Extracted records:
--- START ---

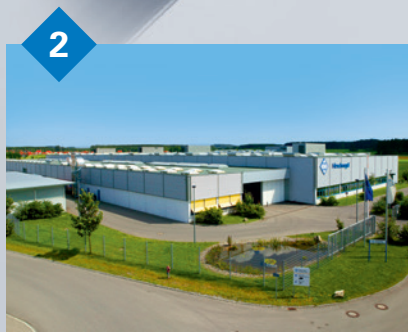
2 Hirschvogel Komponenten GmbH Schongau, Deutschland Verfahren: mechanische Bearbeitung und Montage zu einbaufertigen Funktionsbaugruppen
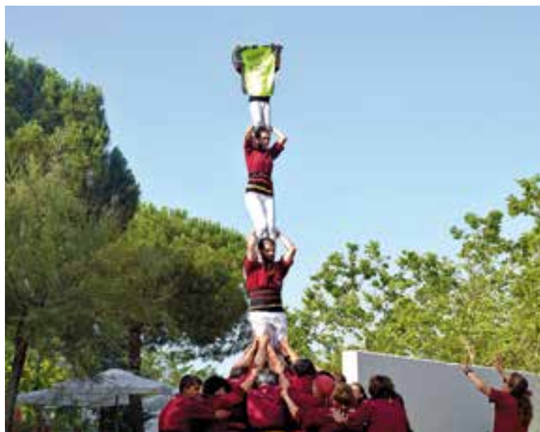
L'enxaneta dels Capgirats desplegant la llampant samarreta de la jornada solidària.

Jornada solidària dedicada a l'associació ‘Unidos por ellos’
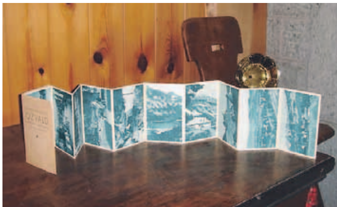
Prvi turistični prospekt iz leta 1936
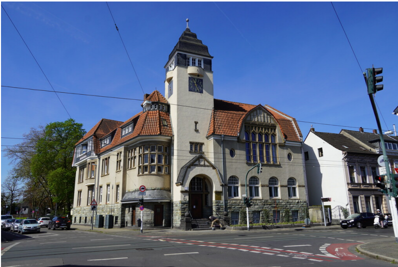
Rathaus in Krefeld-Fischeln (2023)
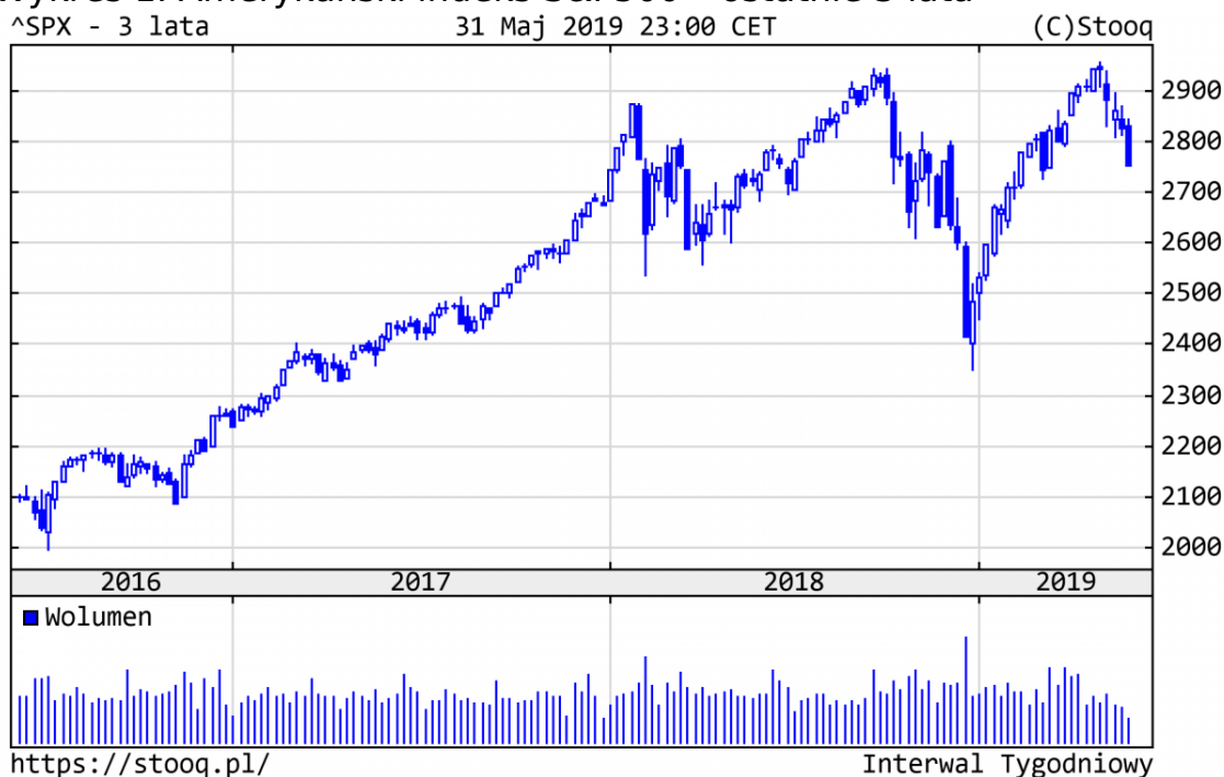
Wykres 1. Amerykański indeks S&P500 - ostatnie 3 lata

Maj nie był aż tak udany na rynkach finansowych, jak poprzednie 4 miesiące. Nie doszło do zawarcia porozumienia handlowego pomiędzy USA a Chinami. Co więcej, obie strony przyjęły zdecydowane kroki, które na pewien czas ograniczają możliwość zawarcia takiego porozumienia (np. embargo na Huawei). Nie pomagała również nadaktywność medialna prezydenta Trumpa, którego tweety wywoływały spore zamieszanie , doprowadzając do sporej przeceny amerykańskich akcji. Mimo tego S&P500 od początku br. zyskał 9,8%, a Nasdaq 12,3%. Niemiecki DAX po maju jest 11,1% na plusie.
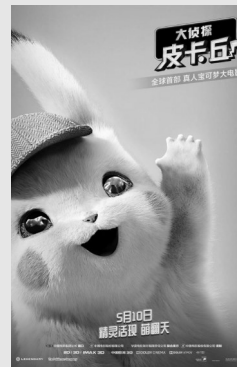
22:43 大侦探皮卡丘 (央视六套)
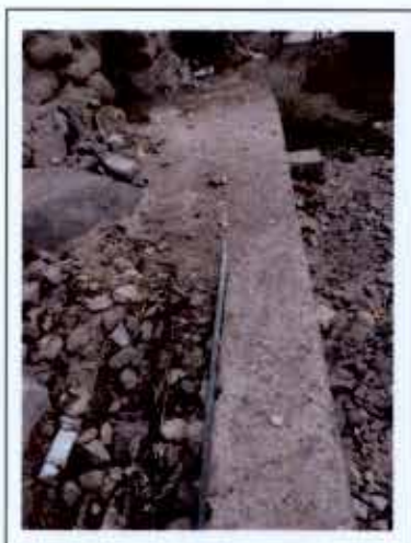
Fotografía N° 12

vii. Se constató que las excavaciones al exterior del inmueble de Alto Camiña destinadas a la instalación de la tubería de la red domiciliaria de agua potable, no cumplían con la profundidad mínima exigida en el artículo 102, inciso "a.a", del D.S. N° 50, de 2002, del Ministerio de Obras Públicas, que aprueba el Reglamento de Instalaciones Domiciliarias de Agua Potable y de Alcantarillado, el cual estipula que las claves de las tuberías de agua potable deben quedar enterradas, como mínimo, a 50 centímetros del nivel superior del terreno, situación que se visualiza en la fotografía N° 12.

--- END ---

AIM OF THE EXERCISE
Using only the data above, copy out the lines that include the word "solidària".

TASK RESPONSE
L'enxaneta dels Capgirats desplegant la llampant samarreta de la jornada solidària.
Jornada solidària dedicada a l'associació ‘Unidos por ellos’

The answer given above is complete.